In the material below, the lines between the one holding "В квартире планировка" and the one holding "Säljer två par", inclusive, are to be set down word for word. Pictures stay out.

[Opening Supplied records section]

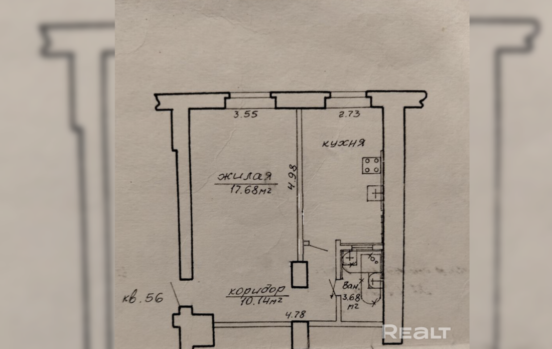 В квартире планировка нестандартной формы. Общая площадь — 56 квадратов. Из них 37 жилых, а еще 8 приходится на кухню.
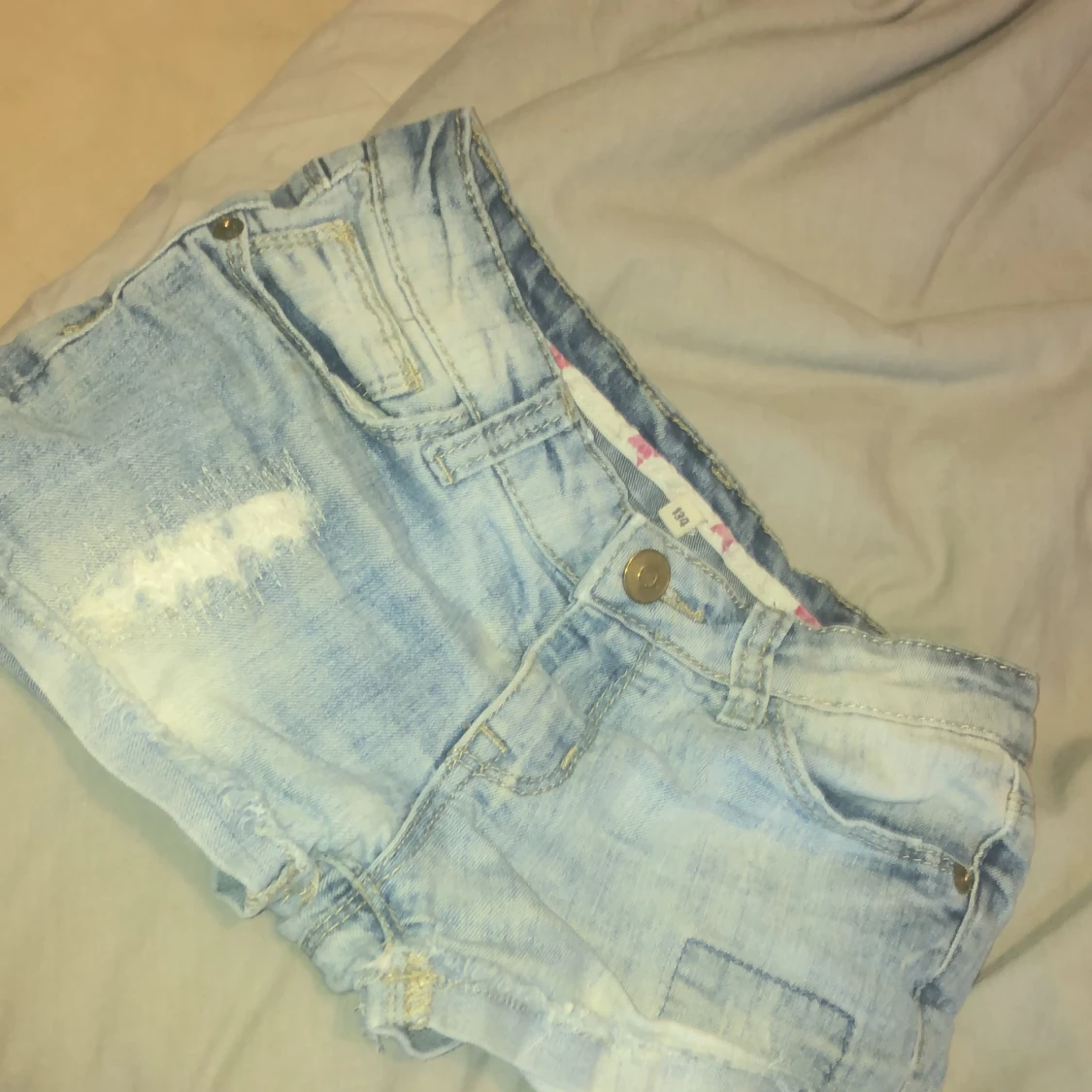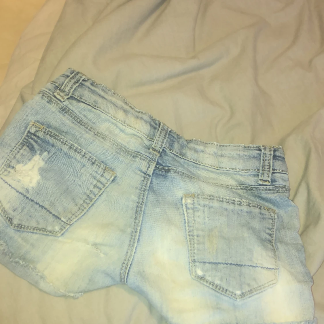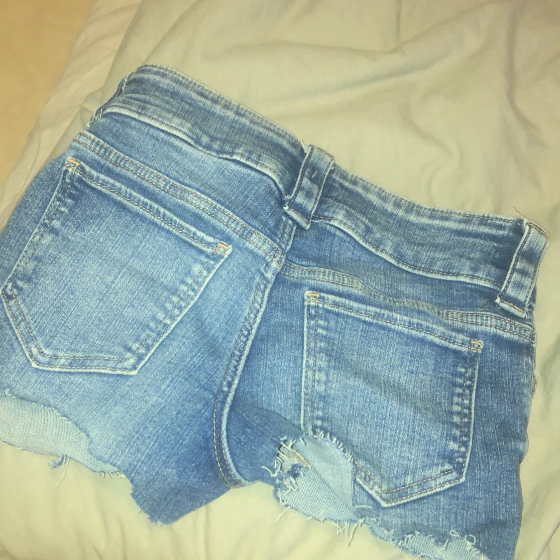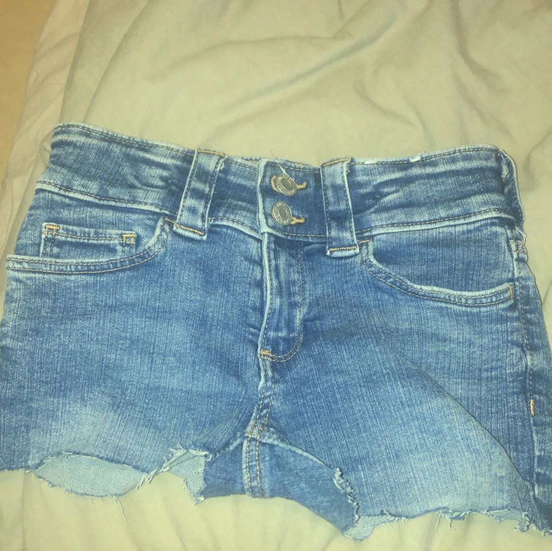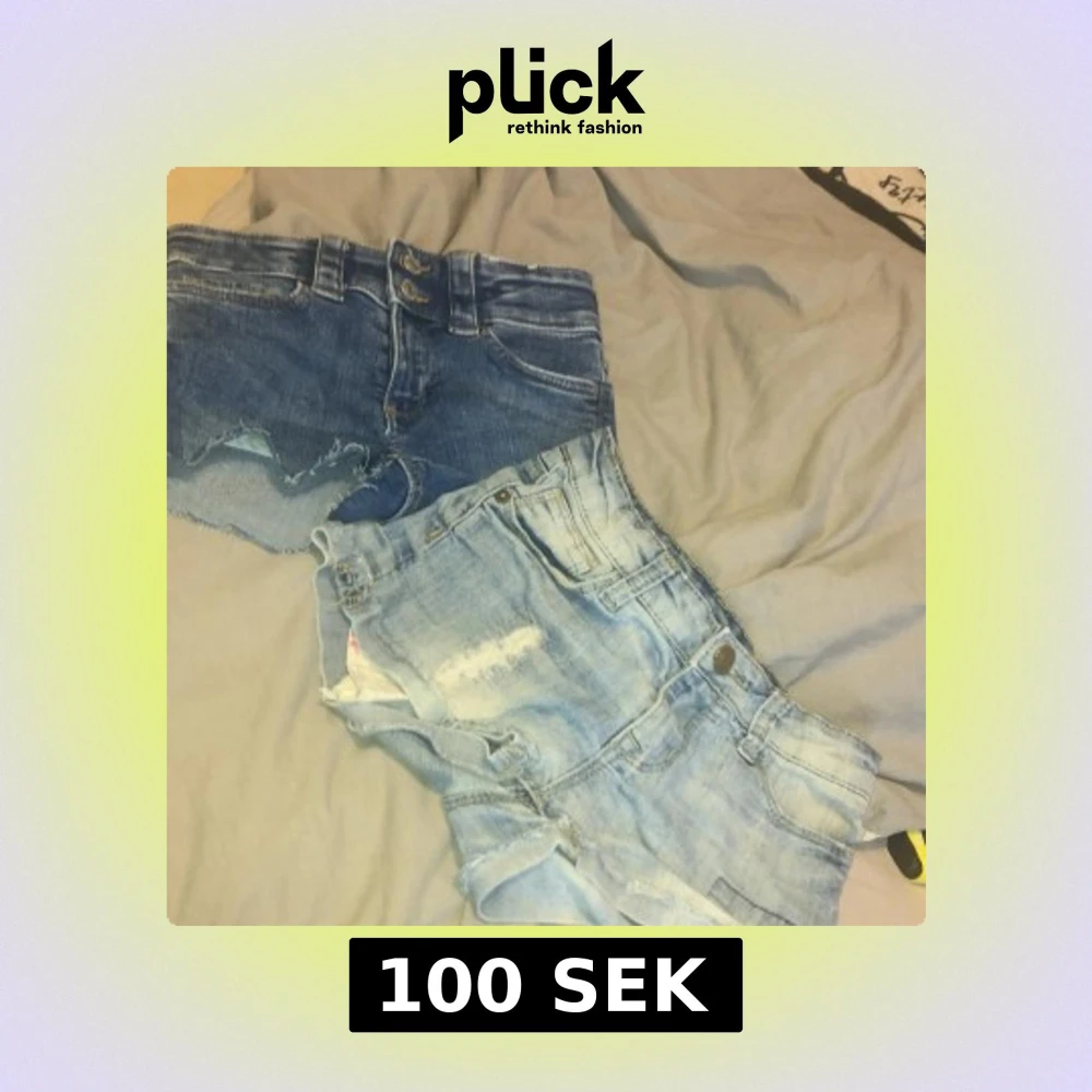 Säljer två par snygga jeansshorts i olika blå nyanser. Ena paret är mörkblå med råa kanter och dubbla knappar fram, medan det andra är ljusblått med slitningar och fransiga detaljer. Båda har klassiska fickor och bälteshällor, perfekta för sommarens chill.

[Closing Supplied records section]
[Opening Supplied records section]

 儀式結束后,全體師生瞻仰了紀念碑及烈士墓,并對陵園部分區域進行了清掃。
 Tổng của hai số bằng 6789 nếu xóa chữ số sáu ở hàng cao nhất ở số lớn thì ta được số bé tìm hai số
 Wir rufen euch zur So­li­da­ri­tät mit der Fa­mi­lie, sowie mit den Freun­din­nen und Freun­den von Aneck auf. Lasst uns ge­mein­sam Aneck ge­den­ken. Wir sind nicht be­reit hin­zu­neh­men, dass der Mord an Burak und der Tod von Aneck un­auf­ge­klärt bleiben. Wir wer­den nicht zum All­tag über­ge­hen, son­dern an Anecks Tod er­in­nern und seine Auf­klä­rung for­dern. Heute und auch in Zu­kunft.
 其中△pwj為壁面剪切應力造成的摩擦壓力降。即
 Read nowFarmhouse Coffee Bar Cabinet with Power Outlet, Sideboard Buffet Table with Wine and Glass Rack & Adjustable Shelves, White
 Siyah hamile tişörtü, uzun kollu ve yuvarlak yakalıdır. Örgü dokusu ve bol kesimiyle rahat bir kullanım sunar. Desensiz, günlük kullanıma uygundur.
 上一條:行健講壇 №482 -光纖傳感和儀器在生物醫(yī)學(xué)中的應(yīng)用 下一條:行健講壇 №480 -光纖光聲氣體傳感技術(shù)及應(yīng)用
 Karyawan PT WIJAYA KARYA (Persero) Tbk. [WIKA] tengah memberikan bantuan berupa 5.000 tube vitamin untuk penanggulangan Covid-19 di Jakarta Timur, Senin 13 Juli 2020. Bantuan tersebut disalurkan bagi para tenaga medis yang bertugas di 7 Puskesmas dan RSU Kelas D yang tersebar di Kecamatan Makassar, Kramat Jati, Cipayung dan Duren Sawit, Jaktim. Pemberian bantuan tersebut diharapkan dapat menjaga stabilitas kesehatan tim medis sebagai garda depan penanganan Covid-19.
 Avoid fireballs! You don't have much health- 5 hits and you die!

[Closing Supplied records section]
[Opening Supplied records section]

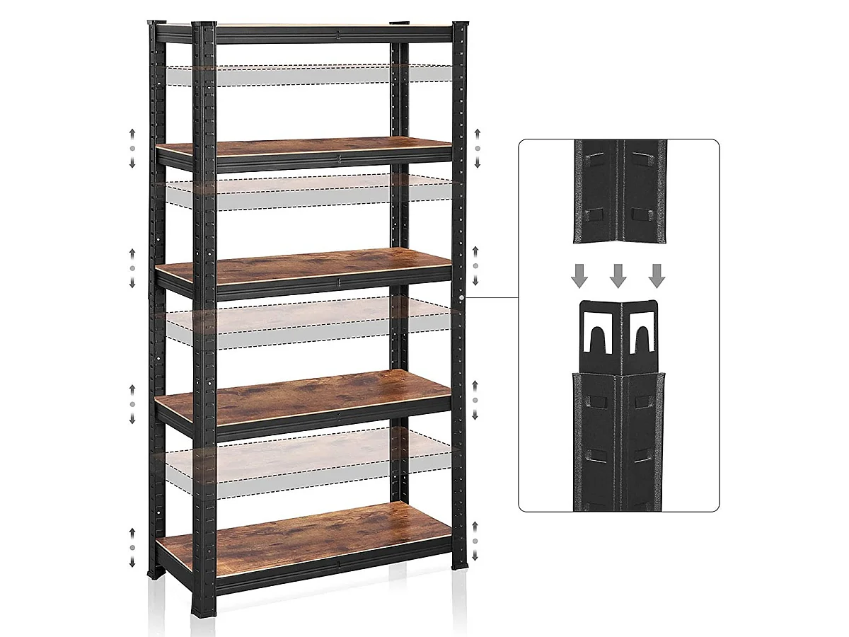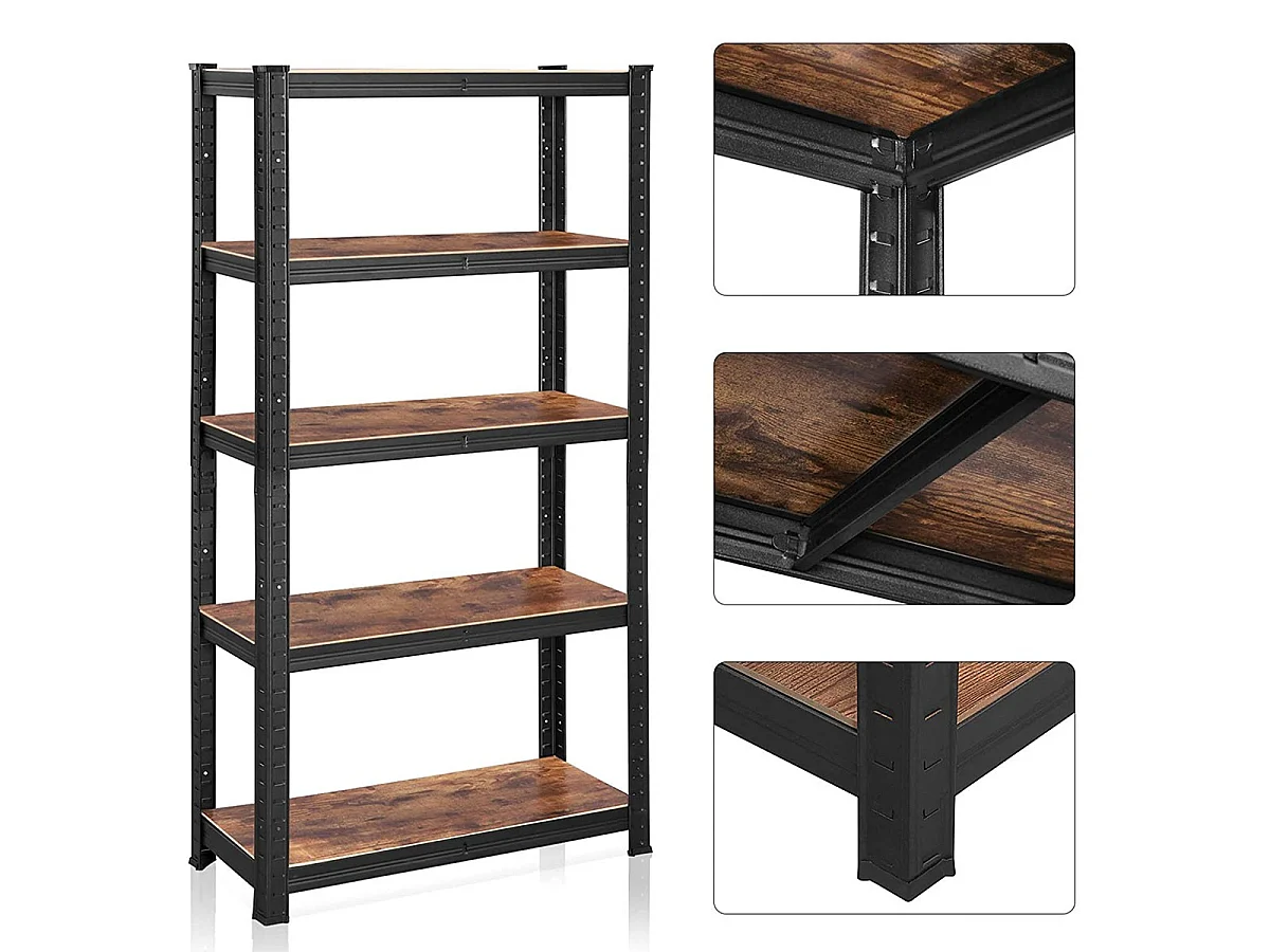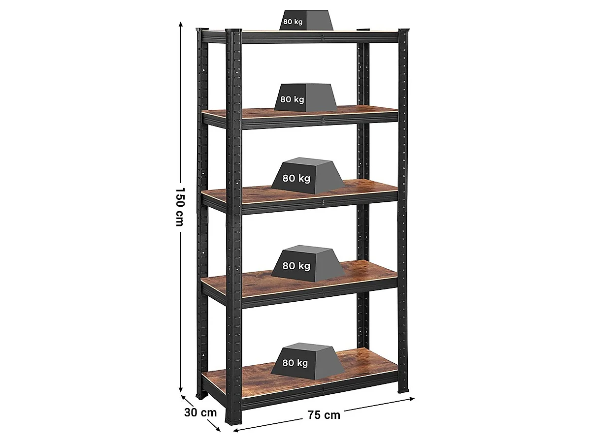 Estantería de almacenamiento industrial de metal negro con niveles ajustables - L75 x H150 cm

[Closing Supplied records section]

**Answer section:**
 В квартире планировка нестандартной формы. Общая площадь — 56 квадратов. Из них 37 жилых, а еще 8 приходится на кухню.
 Säljer två par snygga jeansshorts i olika blå nyanser. Ena paret är mörkblå med råa kanter och dubbla knappar fram, medan det andra är ljusblått med slitningar och fransiga detaljer. Båda har klassiska fickor och bälteshällor, perfekta för sommarens chill.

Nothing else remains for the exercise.